Calorie. Just hearing that word used to be enough to send me into a cold sweat.

You see, I had gained 68lbs while pregnant with my second baby and I could NOT get it back off. Obviously (to me back then) I was eating too many calories in a day, but whenever I tried to eat way less I was starving, and it made me want to eat soooo much more. It was this vicious cycle that was beyond frustrating and I felt like a total failure every day that my weight didn’t budge.

I became obsessed with calories. They were literally the only thing I cared about when it came to food. Not ingredients, not quality or even flavour. If it was low cal I was into it.

Sidenote: how crazy is that? Calories are the measure of energy that our body needs just to exist. It’s like being afraid of putting gasoline in your car….

Anyway…maybe you’re in that head space right now? Maybe you were? If you have dieted at ANY point in your life, I’m sure you can relate to the calorie obsession. So here’s why it’s so frustrating: Calories don’t dictate weight loss/weight gain. Not in the long term. They just don’t.

That old, ‘exercise more eat less’ strategy? It’s a total myth you guys! It’s taken me a loooooong time to come to terms with this and it may be hard for you to accept too, but read on and I’ll do my best to bring you to the light side (we have way better food here).

Using the calorie explanation of weight loss means accepting that if your body burns 2000 calories a day, and you eat 2000 calories a day your weight will stay static. If you then eat 1500 calories a day, you will go into a calorie deficit and lose weight. If you continue to eat 1500 calories a day you will continue to lose weight. With me so far?

Okay, so this theory assumes one very important thing: that your body will continue to burn 2000 calories a day even though you’re only eating 1500. The problem? That turns out not to be true!

What?! Restricting food doesn’t work? I know right.

Your body is ridiculously smart, and it does it’s very best to keep you alive (not such an easy task these days), so when your body realizes that you are consistently taking in LESS than you are putting out alarm bells go off. This is because if you continue to operate on a deficit, eventually you will run out of stored energy and you will die.

Now obviously your body doesn’t realize that when you reach XXXlbs you’ll stop the deficit, so it takes matters into its own hands. That means lowering the amount of calories burned in a day. So now, your body is burning 1500 calories a day instead of 2000. Your body is actually even a little conservative so if you keep the deficit up too long it lowers even a bit more, say to 1400 calories per day (just to be safe). Now, even though you’re eating LESS than you were when you were burning 2000 and eating 2000, you’re actually in a surplus and you can start seeing weight come back on!

Mind blowing, right?

This is what happened with those contestants on The Biggest Loser. There was a study that came out a little while ago (a year? Two? Somewhere in there) showing that the contestants who had lost all of this weight using the calorie myth (increasing exercise dramatically and eating less) had pretty much gained it all back. The worst part? They weren’t back to eating horribly or sitting on the couch for the entire day.

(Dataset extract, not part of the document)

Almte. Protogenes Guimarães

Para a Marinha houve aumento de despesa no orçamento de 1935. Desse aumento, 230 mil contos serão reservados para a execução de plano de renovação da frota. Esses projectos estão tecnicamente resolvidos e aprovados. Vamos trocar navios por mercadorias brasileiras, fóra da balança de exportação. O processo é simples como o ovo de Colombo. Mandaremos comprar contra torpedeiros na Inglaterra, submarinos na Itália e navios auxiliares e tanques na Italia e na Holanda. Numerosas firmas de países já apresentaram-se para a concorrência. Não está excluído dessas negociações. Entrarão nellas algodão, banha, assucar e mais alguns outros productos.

What had happened, was that they had gone back to real life where you can’t work out 6 days a week for 3+ hours. They were still eating their new diets (for the most part) and staying low cal. So why had all the weight come back? Their metabolisms had down regulated so much that even eating way less food than they ever had before put them into a calorie surplus so great that the weight came piling back on. Their bodies were in survival mode burning as few calories as possible.

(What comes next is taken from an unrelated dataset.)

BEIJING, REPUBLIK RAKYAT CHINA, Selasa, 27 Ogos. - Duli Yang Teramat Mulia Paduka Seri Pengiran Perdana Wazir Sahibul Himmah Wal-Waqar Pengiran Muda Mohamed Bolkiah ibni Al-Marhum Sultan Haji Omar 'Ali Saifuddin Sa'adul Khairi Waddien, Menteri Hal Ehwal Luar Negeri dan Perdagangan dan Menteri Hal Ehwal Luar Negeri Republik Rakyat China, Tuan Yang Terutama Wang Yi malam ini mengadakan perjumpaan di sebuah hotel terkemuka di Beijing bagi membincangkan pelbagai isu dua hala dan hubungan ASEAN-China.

The scary part is, upregulating the metabolism is insanely hard to do. There aren’t enough studies showing that it can even be done successfully in the long term. This is why chronic dieters end up having an EXTREMELY hard time losing weight in the long term. Their bodies just do NOT want to burn more calories in a day, and you can only eat so little and keep going.

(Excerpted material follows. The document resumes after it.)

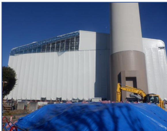
敷地内定点撮影(南西側)

This is why in long term studies, 99% of diets based on the calorie equation eventually fail. The weight always comes back.

So then what works? You need to look at the HORMONES underlying weight gain and fat burning. Your body uses hormones to control basically everything, and storing energy away for later is no exception. Turning on the hormones to burn stored fat instead of storing more is critical if you want to achieve long term fat loss.